--- Data excerpt ---

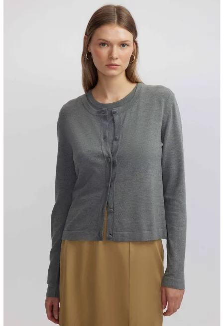 Характеристики Тип продукт: жилетка Цвят: камел Принт: без принт Стил: ежедневен Материал: полиамид - акрил Модел: v-образно деколте Закопчаване: копчета Дължина ръкав: дълъг ръкав Състав Външна част: 71% акрил - 24% полиамид - 5% еластан
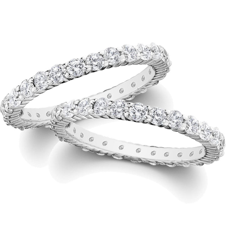 This 2ct Diamond Eternity Stackable Wedding Ring Set by Pompeii3 represents endless love and radiance. Each ring in the set is encircled with brilliant diamonds, perfect for stacking or wearing solo to make a sparkling statement.
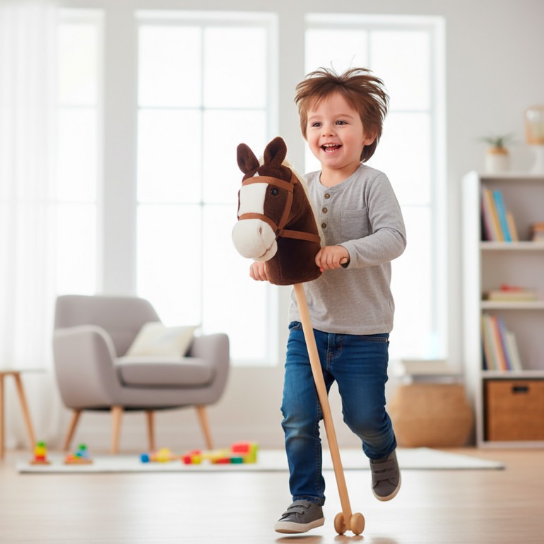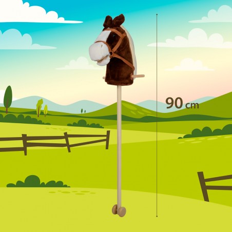 Stuffed horse head with stick and premium sounds. It measures 90cm and has two wheels in the lower part to favor sliding. In addition, the horses have leather muzzles for a better grip. Recommended for people over 3 years old.

---

Would you retype the listing above exactly, omitting its pictures?

 Характеристики Тип продукт: жилетка Цвят: камел Принт: без принт Стил: ежедневен Материал: полиамид - акрил Модел: v-образно деколте Закопчаване: копчета Дължина ръкав: дълъг ръкав Състав Външна част: 71% акрил - 24% полиамид - 5% еластан
 This 2ct Diamond Eternity Stackable Wedding Ring Set by Pompeii3 represents endless love and radiance. Each ring in the set is encircled with brilliant diamonds, perfect for stacking or wearing solo to make a sparkling statement.
 Stuffed horse head with stick and premium sounds. It measures 90cm and has two wheels in the lower part to favor sliding. In addition, the horses have leather muzzles for a better grip. Recommended for people over 3 years old.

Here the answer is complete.